Une ferme de la commune Laghdira (Province d'El Jadida) a lancé un site sur Internet concernant un marché de moutons, inaugurant ainsi une première au Maroc, ce qui menace les recettes de marchés d'ovins réputés dans la région, tels Tlat Sidi Bennour, Khmis Zmamra, Chtouka ou Jmaat Shim. Le marché/site, qui est ouvert pendant 24 heures, épargne à ses visiteurs la corvée du déplacement, en leur permettant de choisir et d'acquérir leur mouton par un simple clic.

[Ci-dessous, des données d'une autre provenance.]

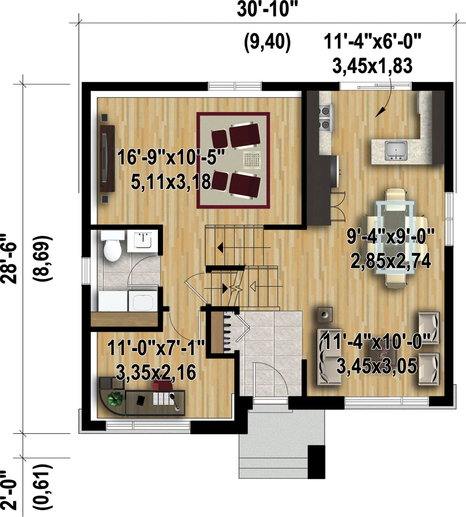 | Front | 30 ft 10 in |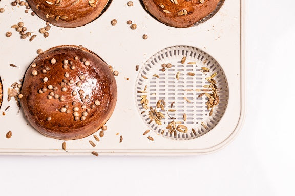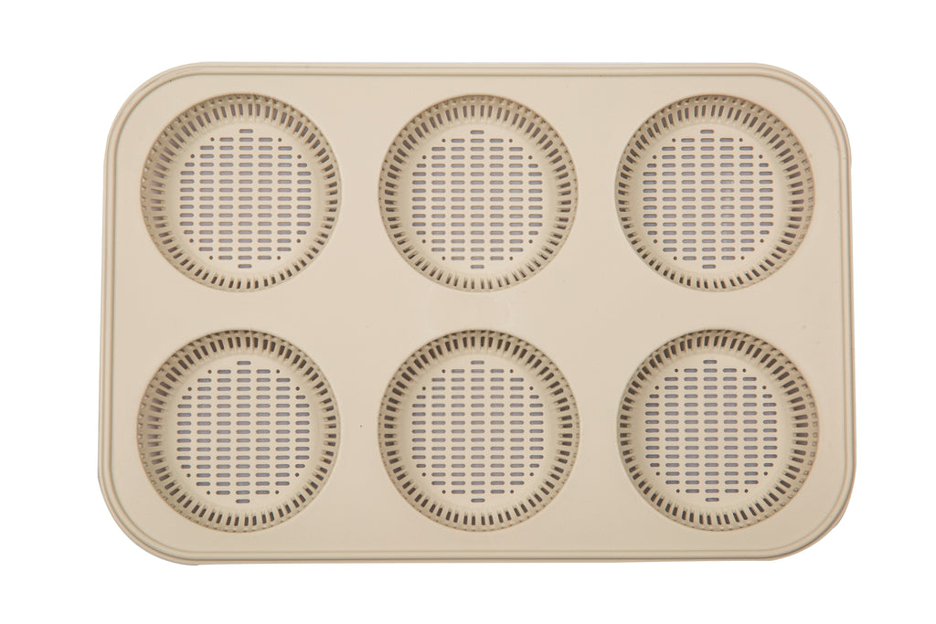 -The pleasure of creating with your own hands, choosing carefully the raw materials, preparing genuine dishes for yourself and for your loved ones. With the silicone mould Burger Bread by Silikomart you will transform a simple sandwich in a gourmet burger. The perforated pattern of the mould allows the free circulation of heat without condensation obtaining 6 crunchy burger buns with golden brown color and homogeneous cooking. Enjoy the sensations of traditional homemade bread. Oven, freezer, microwave, and dishwasher safe.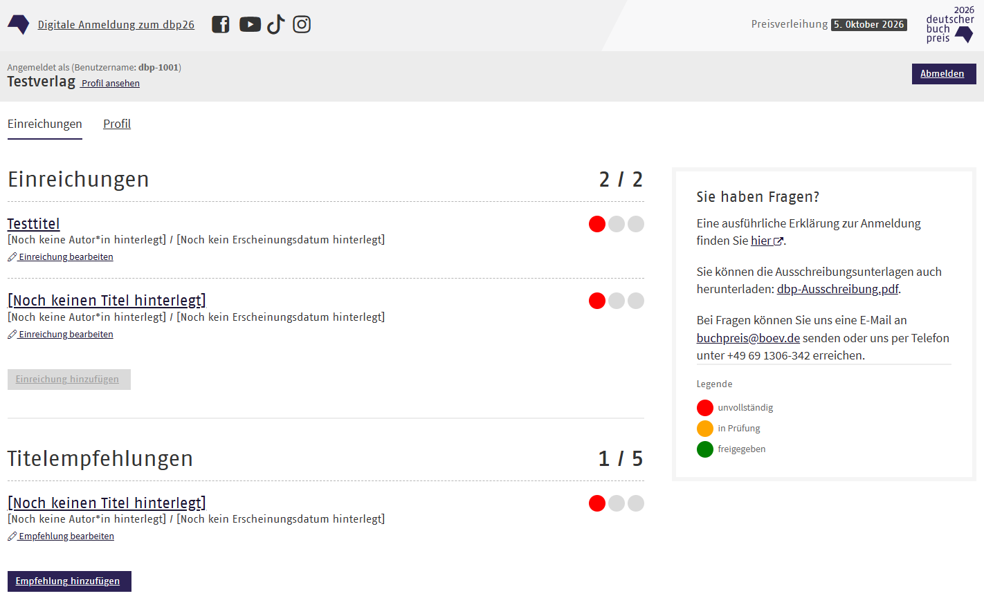 Über "Einreichung hinzufügen" gelangen Sie zur Eingabemaske für Ihre einzelnen Titel. Sie können bis zu zwei Titel aus Ihrem aktuellen Programm für den Deutschen Buchpreis einreichen. Die Kriterien dazu entnehmen Sie bitte der Ausschreibung für den Deutschen Buchpreis 2026.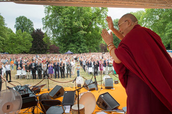His Holiness the Dalai Lama speaking at Wiesbaden Kupark in Wiesbaden, Hessen, Germany on July 12, 2015.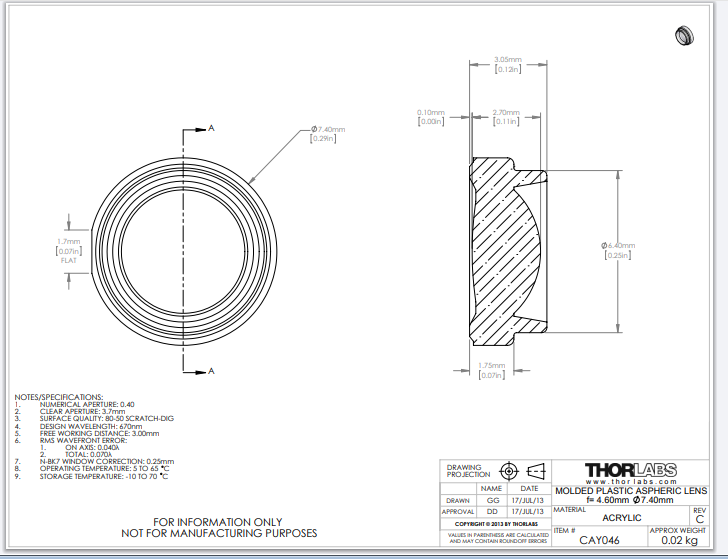 Thorlabs索雷博     CAY046   塑料非球面透镜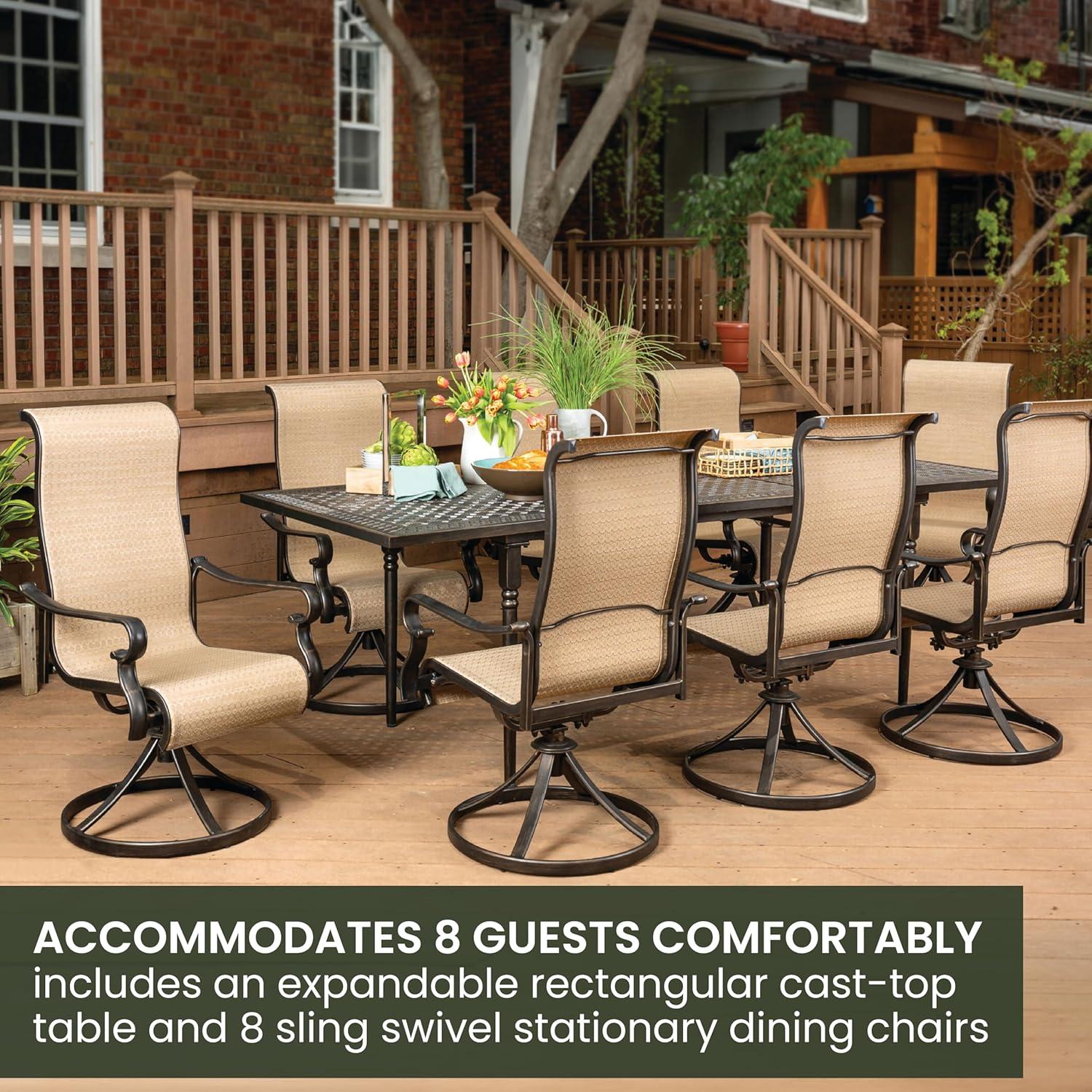 Designed to elevate any outdoor space, this 9-piece dining set combines style and functionality with ease. The expandable rectangular table effortlessly adjusts from 76 to 102 inches, providing extra room for unexpected guests without sacrificing aesthetic appeal. Its elegant cast-aluminum lattice and scrollwork tabletop showcases a coastal charm that blends seamlessly with natural surroundings. Each of the eight swivel rockers features contoured sling fabric that conforms to the shape of your back and knees, offering unparalleled comfort during long outdoor meals or gatherings.
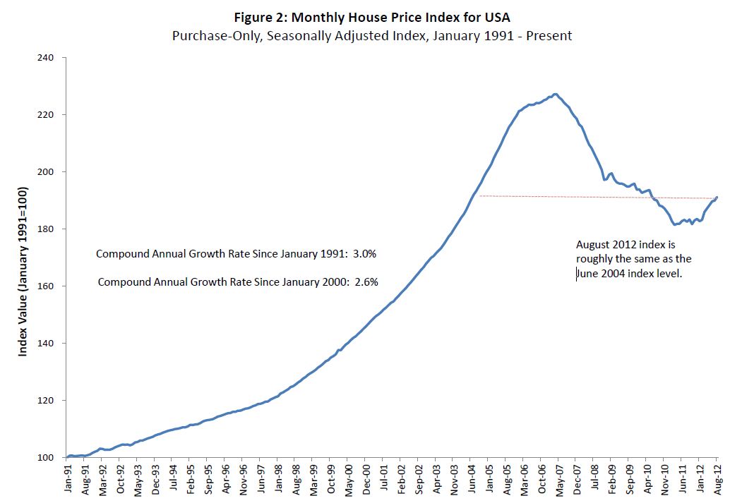 According to the FHFA, their data is created by analyzing “the purchase prices of houses with mortgages owned or guaranteed by Fannie Mae or Freddie Mac to calculate the monthly index,” making it a reliable indicator, but not necessarily a complete picture, despite Fannie and Freddie guaranteeing or owning the majority of American mortgages.

En vue de faciliter davantage l'opération, la ferme se charge de la livraison d'El Jadida à Casablanca dans le respect total des délais. En cas de retard, le client est avisé par mail ou par téléphone. D'autre part, si le mouton subit un dommage en route, la ferme s'engage de le remplacer ou de rembourser le client qui, de son côté, est tenu de signer une décharge de responsabilité. On parle déjà du «souk électronique du mouton» ou du «E-mouton».

Tous ces nouveaux comportements font du «souk du mouton», un marché digne des grandes places boursières, sauf que ces dernières disposent d'un conseil déontologique, qui joue le rôle du régulateur et veille au respect des règles du jeu, alors que la «bourse du mouton» est livrée à elle-même. Devant cette situation, les autorités de tutelle et les associations des consommateurs sont appelées à se manifester devant un marché juteux qui mérite d'être régulé pour plus de transparence, afin qu'il profite directement aux éleveurs et aux agriculteurs et contribue ainsi au développement rural.